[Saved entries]
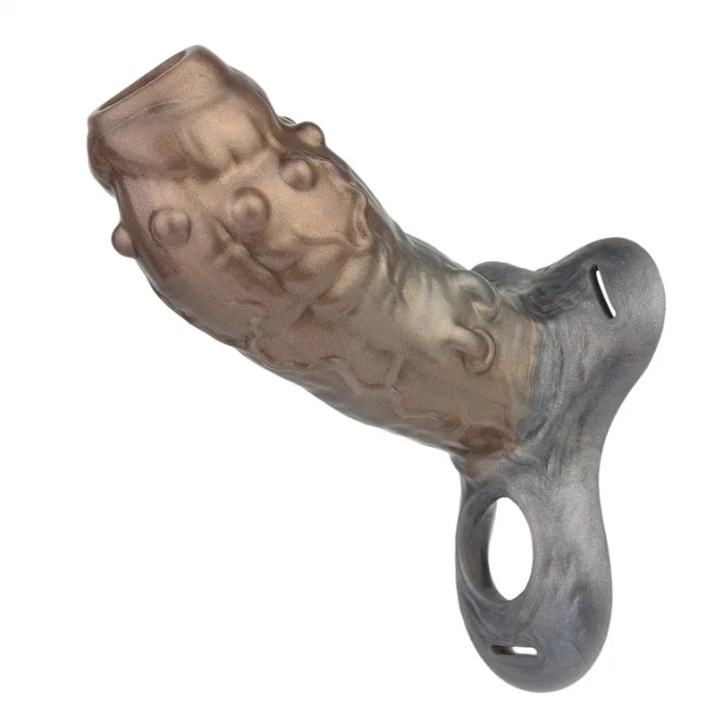 Leather Strap On Beaded Exotic Penis Sleeve Harness Set
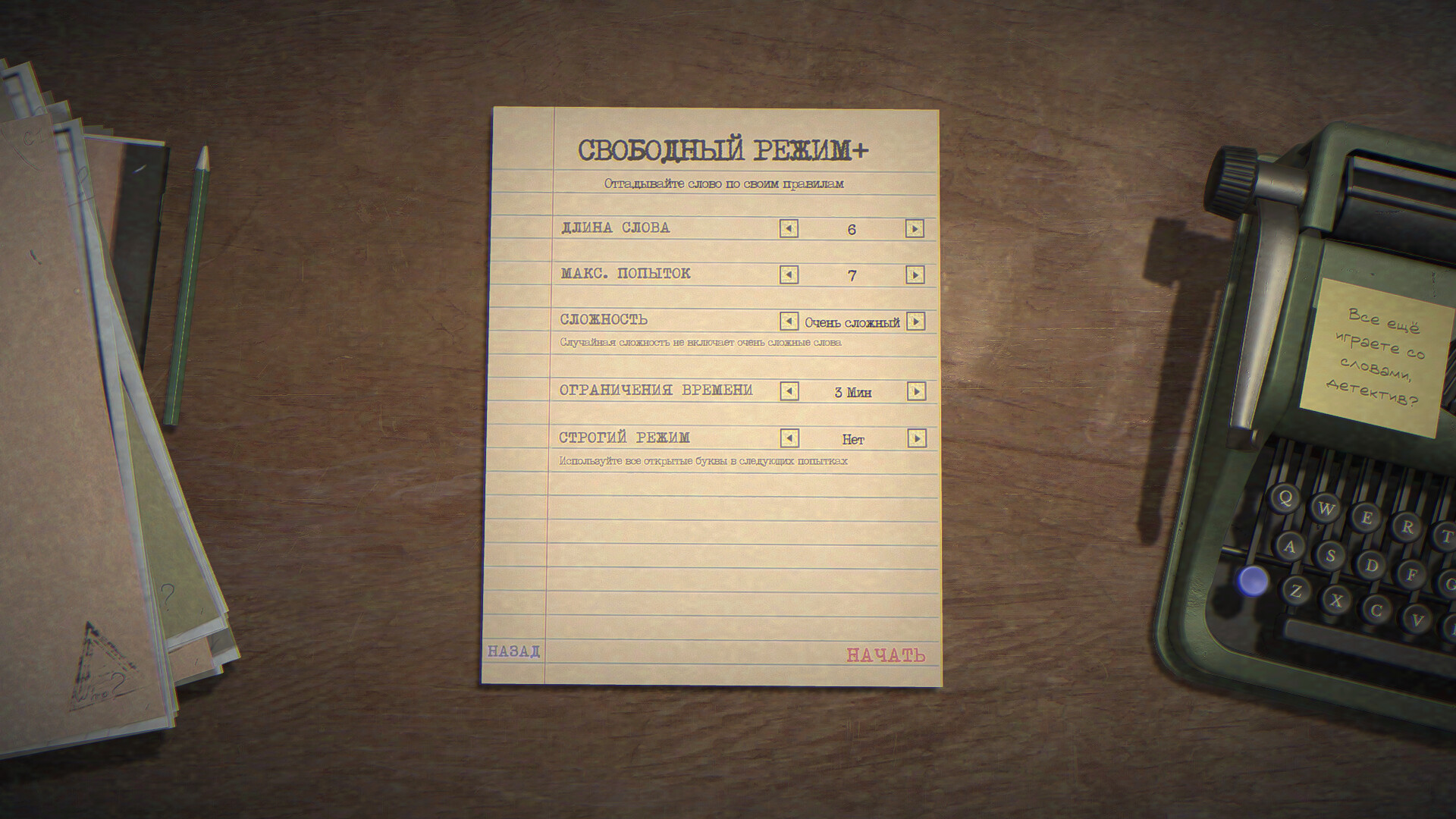 Свободный режим: тренируйтесь с настраиваемыми параметрами — длина слова, сложность, количество попыток и таймер
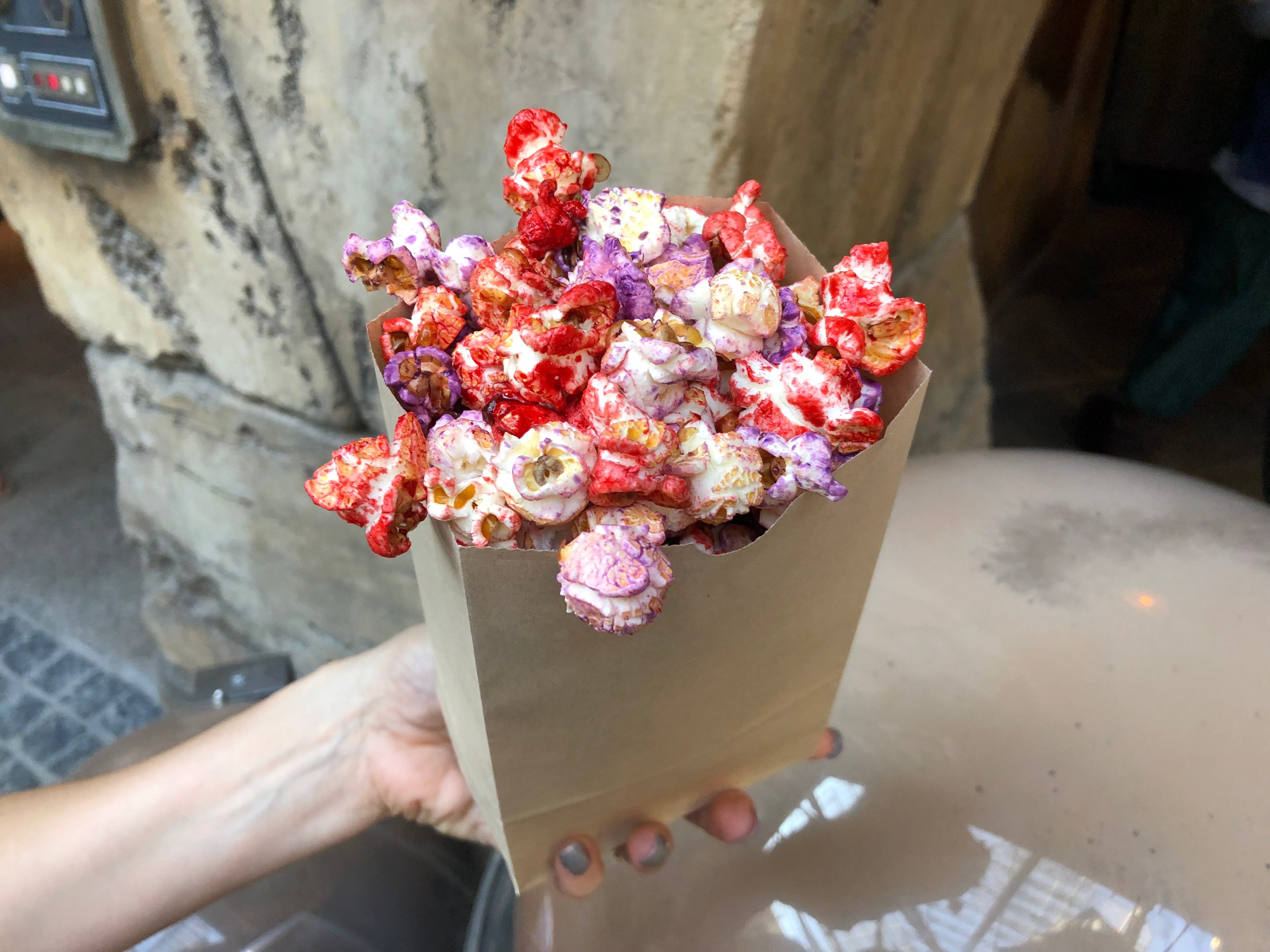 Outpost Popcorn Mix. Kat Saka's Kettle is a shop in the Black Spire Market serving only one food choice: Outpost Popcorn Mix. The colors are bold purples and reds and the flavor is sweet and spicy. The first few bites were a bit weird, but the dish became rapidly addictive. If you like kettle corn and don't mind a tiny bit of spice, this will be a hit. I even think many kids will enjoy it as well.
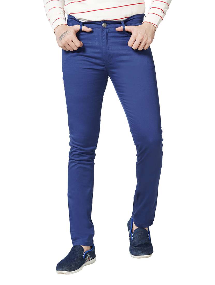 blue solid flat front casual trouser
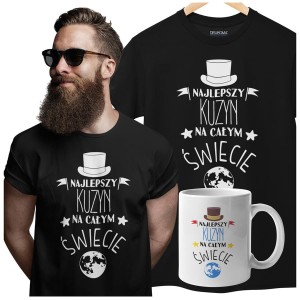 Koszulka dla Kuzyna w zestawie z kubkiem z nadrukiem "Najlepszy Kuzyn na całym świecie" w kolorze czarnym
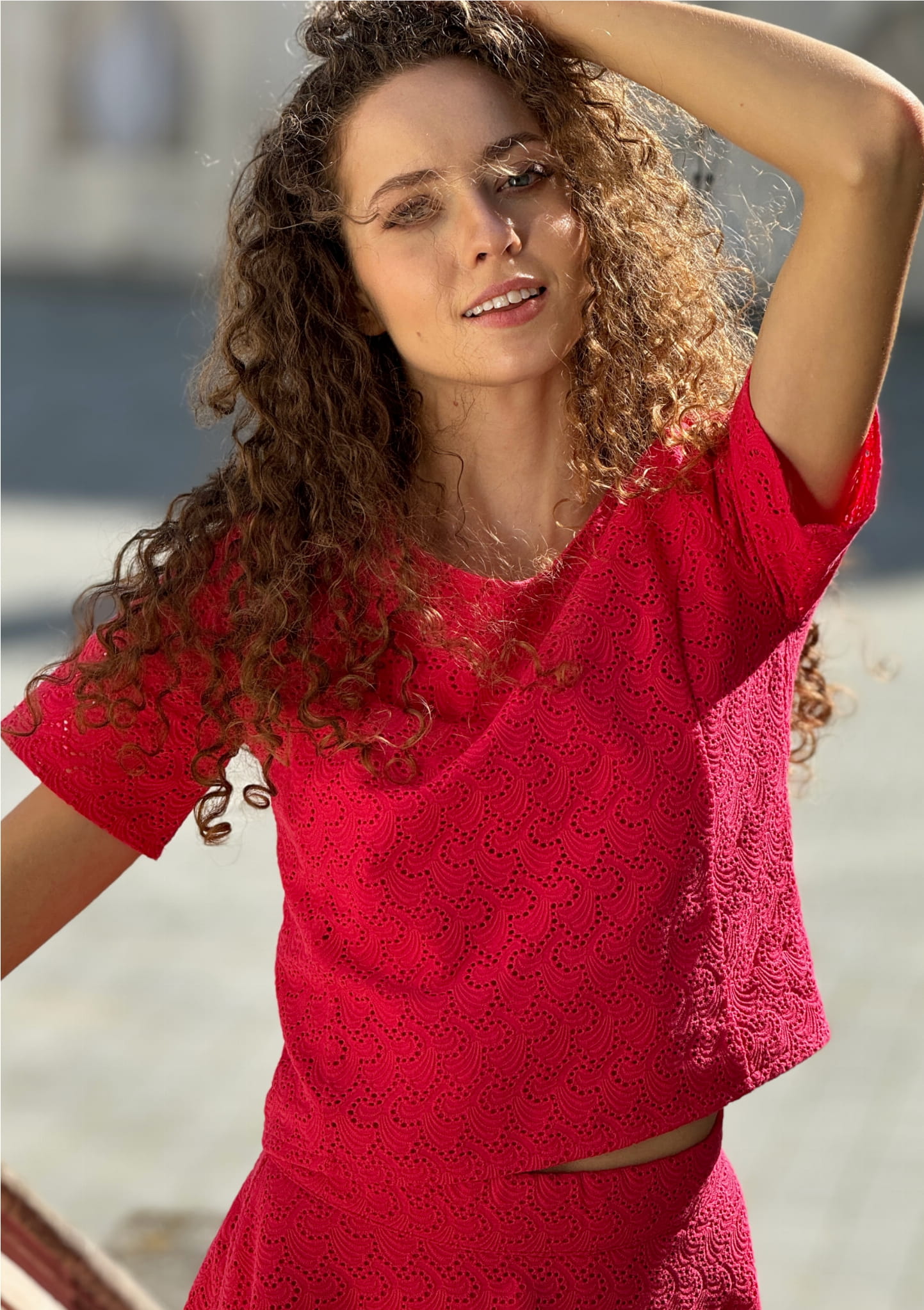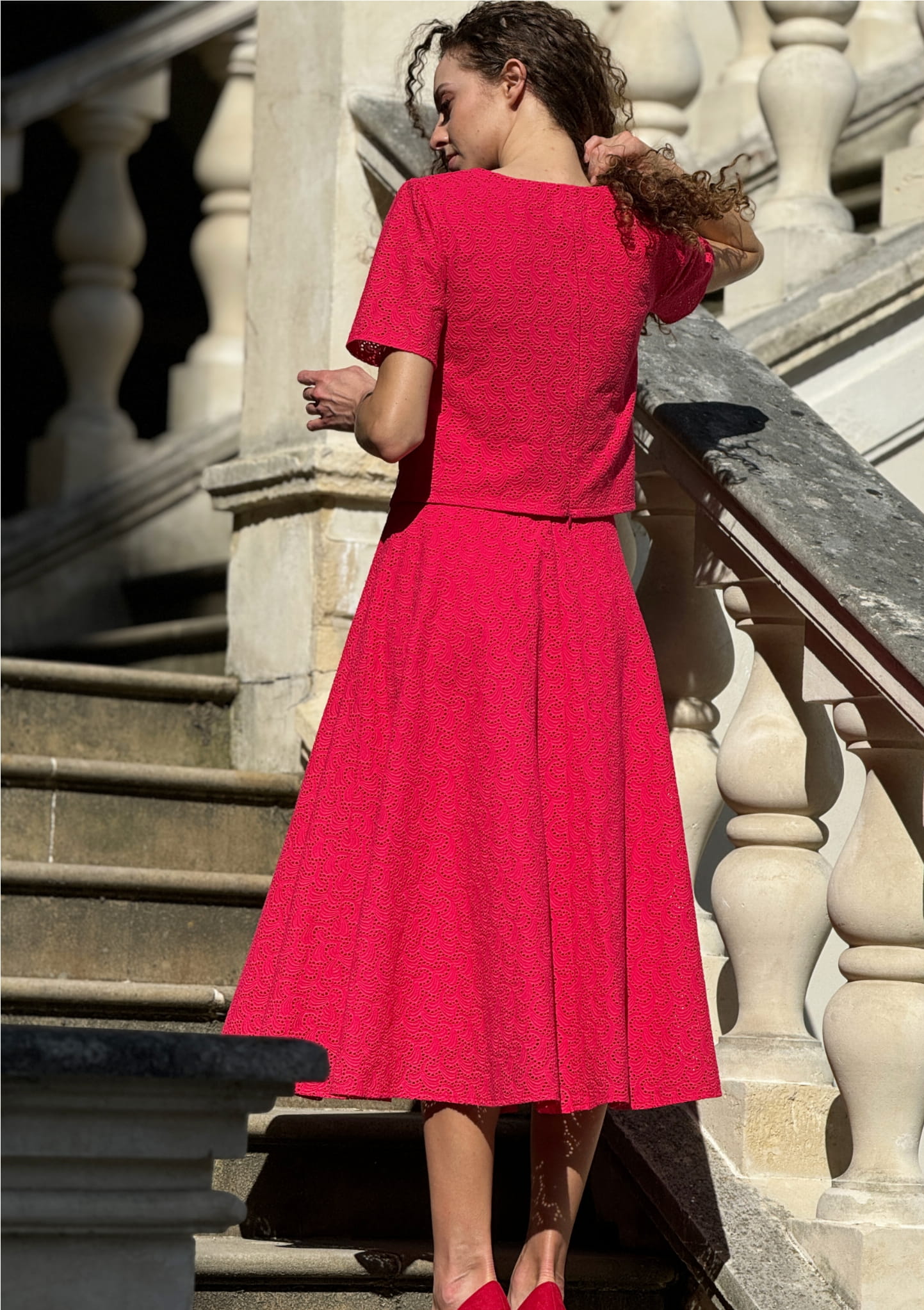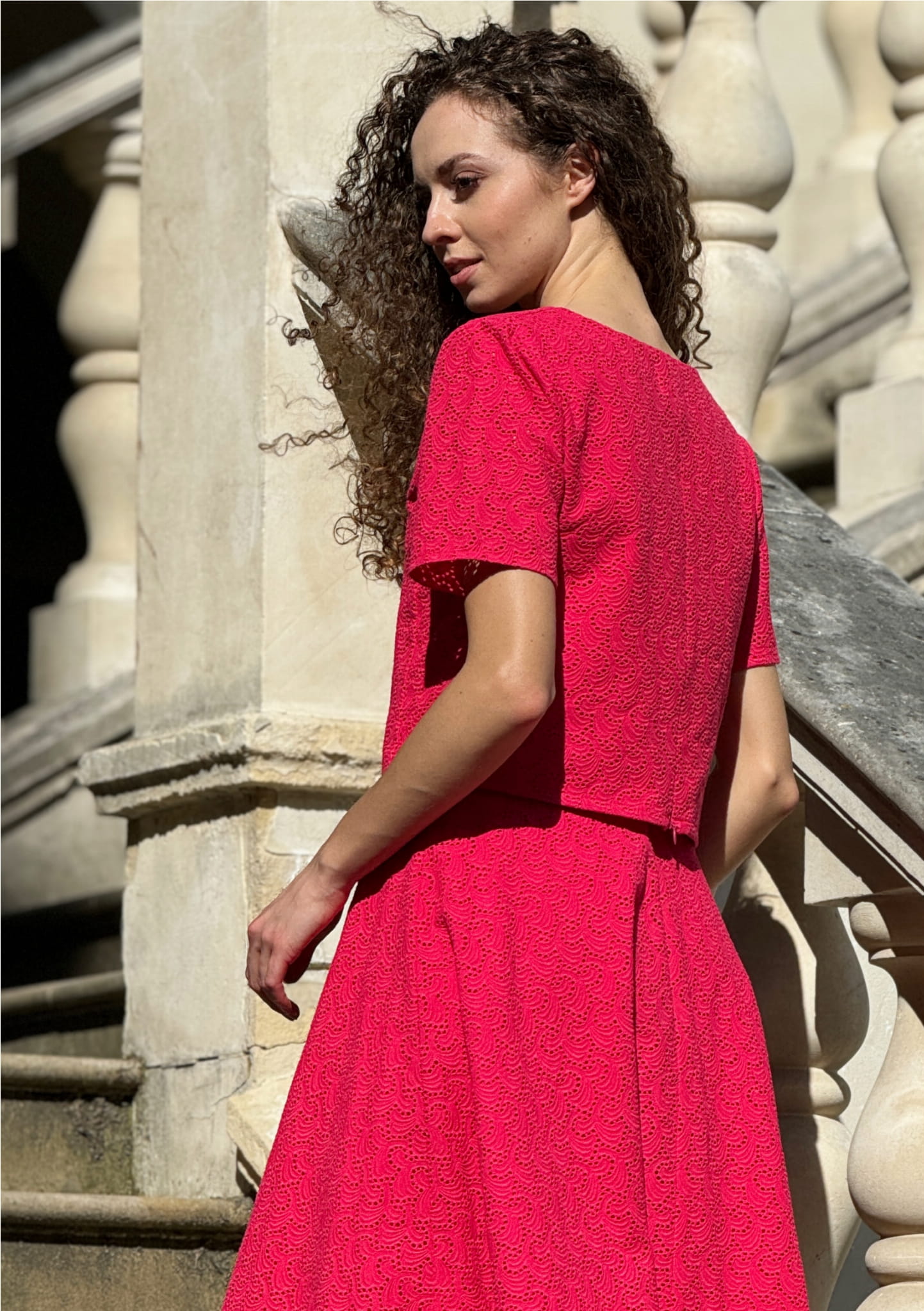 Krótki top z krótkimi rękawami z tkaniny bawełnianej haftowanej z podszewką, z tyłu zamek zapinany od dołu w górę.

What is needed: The response must match the data line for line, from its first line through the line with "blue solid flat front casual trouser", inclusive, and must leave out the pictures.

Solution to this exercise:
 Leather Strap On Beaded Exotic Penis Sleeve Harness Set
 Свободный режим: тренируйтесь с настраиваемыми параметрами — длина слова, сложность, количество попыток и таймер
 Outpost Popcorn Mix. Kat Saka's Kettle is a shop in the Black Spire Market serving only one food choice: Outpost Popcorn Mix. The colors are bold purples and reds and the flavor is sweet and spicy. The first few bites were a bit weird, but the dish became rapidly addictive. If you like kettle corn and don't mind a tiny bit of spice, this will be a hit. I even think many kids will enjoy it as well.
 blue solid flat front casual trouser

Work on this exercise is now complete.